How to Setup Android Studio for Kotlin Development

If you’ve been following the latest trends in the AndroidDev world, you’ve probably heard of Kotlin.

Kotlin is a (not so) new programming language developed by JetBrains, the creators of IntelliJ IDE on which Android Studio is based. Kotlin is statically typed, runs on the JVM, and offers many advantages. There are tons of items who talk about the advantages of Kotlin over Java, so I won’t cover that in this post.

In this article, however, we’ll learn how to set up Android Studio for Kotlin development and write our “Hello World” app in Kotlin.

Let’s start!

Install the Kotlin Plugin for Android Studio

The good folks at JetBrains have created an IntelliJ/Android Studio plugin for Kotlin. First, we’ll go ahead and install the plugin.

To do this, go to Preferences > plugins > Browse repositoriessearch for Kotlin, then click To installas shown in the figure below.

Once the installation is complete, you will need to restart Android Studio to apply the new plugin.

Just in case you’re using IntelliJ IDEA 15 or higher, you’re in luck. The Koltin plugin comes with the IDE.

Create a new Android project

Now that the plugin is installed, let’s go ahead and create a new Android project as usual. Move towards To file > New > New project and follow the project creation wizard. Select the Create an empty activity choice at the end.

For more information on creating an Android project, see this guide.

Apply the Kotlin plugin to the project

The next step is to apply the Kotlin plugin to the project. There is an automated tool to do this, but sometimes the tool messes things up, so let’s walk through the manual process of applying the plugin in our build.gradle files (both at the project level and at the application module level).

Add the Kotlin Gradle Plugin

To configure the plugin, we first need to add the plugin to the root project build.gradle, in the same way as for the Gradle plugin (automatically). Add the plug-in to dependencies closing in the project build.gradle to file. The project build.gradle the file looks like this:

buildscript {
    ext.kotlin_version = "1.0.6" // replace with the latest (stable) version: https://github.com/JetBrains/kotlin/releases/latest

    repositories {
        jcenter()
    }
    dependencies {
        classpath 'com.android.tools.build:gradle:2.2.3'
        classpath "org.jetbrains.kotlin:kotlin-gradle-plugin:$kotlin_version"
    }
}

A few notes on the code block above:

  • We have created a variable ext.kotlin_version. The reason we have this is that we may have other places in the project where we need to refer to the Kotlin version, so it makes sense to “externalize” this value. You can view this post at externalize your dependency versions using additional gradle properties for more information.
  • We placed this variable in the buildscript closing. It is because the buildscript is the entry point into this file when building the project. If we place the variable outside of this closure, this variable will not be available until the project is built and the build will fail.

Apply Android Kotlin Plugin

After adding the Kotlin Gradle plugin, the next step is to apply the plugin. To do this we need to add apply plugin: kotlin-android to the application module build.gradle to file:

apply plugin: 'com.android.application'
apply plugin: 'kotlin-android' // apply kotlin android plugin

Convert activity code from Java to Kotlin

We’ve applied the plugin and configured everything we need, but our code generated by the “empty activity” is still in Java.

Luckily for us, the Kotlin plugin can help us convert our code from Java to Kotlin.

Currently, our Java activity looks like this:

To do this, select the file and navigate to Coded > Convert Java file to Kotlin fileor use the shortcut Order + Other + Change + K (I believe you can replace Order with Control if you are on PC).

After converting our code to Kotlin, our “empty activity” looks like this:

Bonus: Stay up to date with Kotlin releases

You’ve come this far – let’s add a bonus tip!

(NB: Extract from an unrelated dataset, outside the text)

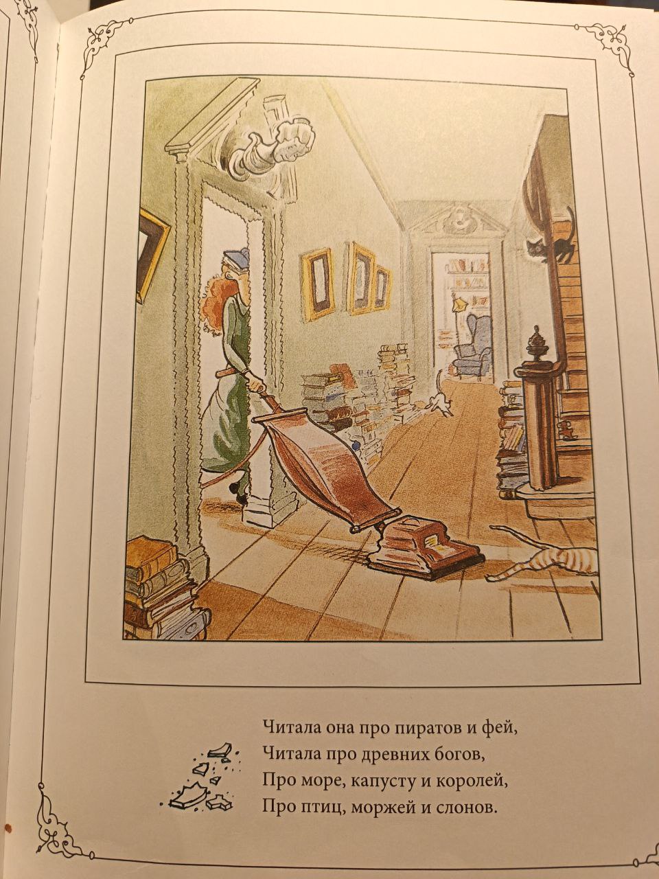 Ну и отдельная любовь — иллюстрации Дэвида Смолла. Каждую страницу разглядываешь и разглядываешь. Мне это напомнило сказку на открытках, которую в детстве мне отдала бабушка. Вот эта книга вполне могла бы стать такой сказкой. Каждая иллюстрация — открытка со своим книжным сюжетом.

Kotlin is still a work in progress, and there are (frequent) patches and updates. It’s generally a good idea to stay up to date with new features and language changes. The Kotlin Android Studio plugin helps us manage Kotlin versions. If you navigate to Tools > Kotlin > Configure Kotlin Plugin Updates as shown in the screenshots below, you will be able to select the update channel — Stable, Early Access Preview - 1.0.x, Where Early Access Preview - 1.1 – which is currently the state-of-the-art version.

Further reading

There are a number of great resources scattered around the internet for learning Kotlin. Some of them are:

In future articles I will write about some specific features of the language.

Thanks for reading this post. I am always open to questions and comments. If you have any, please drop them in the comments section below or send me a Tweeter.